Jthose who save the lives of others need protection themselves. At least 415 attacks on health workers and facilities have been carried out since last year’s coup in Myanmar, according to a recently released report. It has become one of the most dangerous places on Earth for doctors, with half of all such global attacks in the first six months of last year. The war in Ethiopia’s Tigray region has resulted in the large-scale destruction of facilities. As the crisis in Sudan worsened last month, the UN reported 15 attacks in the health sector since November.
More than a century and a half have passed since the agreement of the first Geneva Convention, an international ban on attacking the sick and wounded, assaulting or punishing those who give them care and inflicting violence to hospitals and ambulances. These protections have since been expanded and strengthened several times.
Yet attacks on health facilities and health workers, often deliberately targeting them, have become a new norm, from the former Yugoslavia to Syria to the Central African Republic. In 2019, at least 1,200 such acts took place in 20 countries. Hate, dehumanization and genocidal thought as well as the military demand for a quick victory contributed to this. Sickeningly, measures to protect hospitals and clinics – such as giving fighters their locations – have, at worst, facilitated attacks on them. Accountability is extremely rare. When Human Rights Watch reviewed 25 major cases, it found that 16 involved potential war crimes. Only five cases have been fully investigated with published results. In only one case were the soldiers disciplined.

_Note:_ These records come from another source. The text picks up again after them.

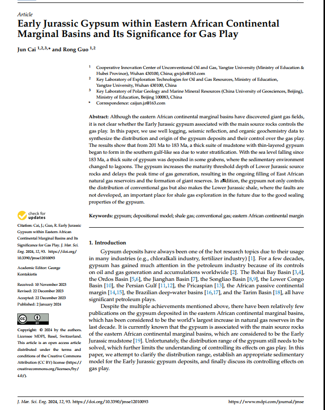 2138cn太阳集团蔡俊副教授在《JMSE》上发表题为“Early Jurassic Gypsum within Eastern African Continental Marginal Basins and Its Significance for Gas Play”的研究论文。该研究通过基于钻测井和地震资料,结合地球化学数据,分析了转换型陆缘盆地膏盐岩分布特征、成因及其对油气分布的控制作用。研究结果显示在陆间裂谷期的海平面上升阶段,由于水体较深出现盐度分层作用导致薄层膏盐岩析出;随着海平面下降,在地堑控制的洼地形成潟湖环境,蒸发作用的加剧导致了厚层膏盐岩的形成。膏盐岩的发育提升了前转换期烃源岩成熟的阈值,导致大规模生排烃的迟滞,这或许是转换陆缘盆地巨型油气藏形成的重要原因之一。
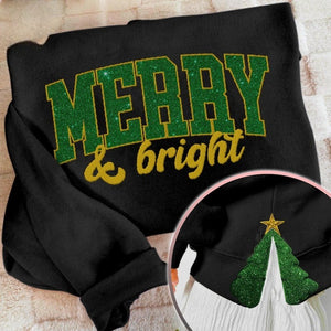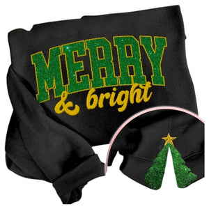 Beautiful “Merry and Bright” embroidery with glitter finish
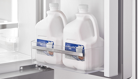 Featured on both sets of doors, our wide gallon door bins easily accommodate two large, side-by-side gallon containers each.
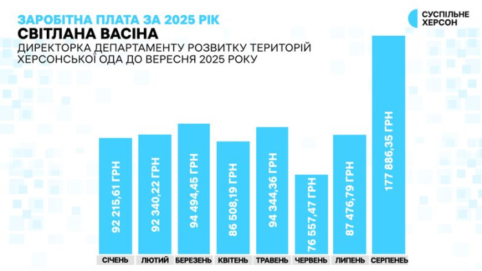 Заробітна плата колишньої директорки департаменту розвитку територій Херсонської ОДА Світлани Васіної за 2025 рік помісячно. Інфографіка Суспільне Херсон

The Assads of this world are the most obvious culprits, but the US, UK and others are hardly free from taint. In October 2015, a US attack on a hospital in Kunduz, Afghanistan, killed 42 civilians. Countries are also responsible when their partners and allies carry out attacks with the weapons they supply. They almost always seek to dodge it: “The US and UK support for Saudi Arabia’s war in Yemen, and the justifications offered for it, is the quintessential example of this conduct” writes Leonard Rubenstein, a human rights lawyer who has investigated many such atrocities, in his recent book Perilous Medicine.

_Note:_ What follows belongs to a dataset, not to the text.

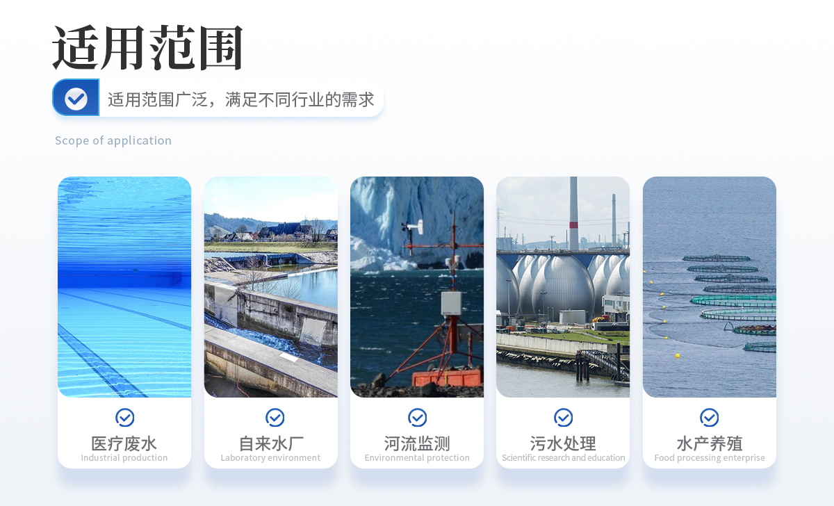 適用于純凈水廠、自來水廠、生活污水處理廠、工業污水、水產養殖、河流監測、游泳場館、水源保護、生產監測、科研實驗等。
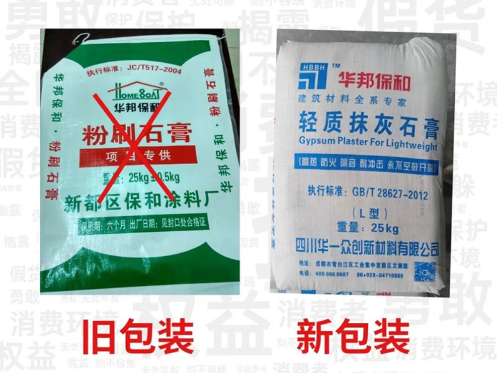 2022年3月11日-12日,我司在調(diào)查取證中發(fā)現(xiàn),內(nèi)江市某建材有限責(zé)任公司何某超向客戶李某出售假冒華邦保和注冊商標(biāo)的輕質(zhì)抹灰石膏(粉刷石膏/膩子),通過客戶指認(rèn),現(xiàn)場查封假冒貨品360袋,合計使用超過10噸。

It would be easy to despair. Yet Mr Rubenstein argues that such attacks are now more likely to be reported and that global indifference has focused on attention over the past decade, even as action has remained limited. Campaigns by civil society and the medical community have sometimes had a measurable impact. Some governments have made improvements. In 2018, the World Health Organization set up an attack monitoring and reporting system, although it did not prove to be as effective as expected. The International Committee of the Red Cross has brought together military representatives, armed groups, experts and health care workers to discuss pragmatic measures such as managing checkpoints in a way that does not unduly interfere with medical care.
We know what to do. In 2016, then-UN Secretary-General Ban Ki-moon sent the Security Council a long and detailed set of recommendations to address the problem. The members took the opportunity to exchange recriminations, but no action was successful. Even countries that had pledged support have failed to follow through, for example by ensuring that national laws incorporate the Geneva Conventions. Protecting health care is not an entirely hopeless task, but the continued attacks it faces show how desperately sustained efforts are needed.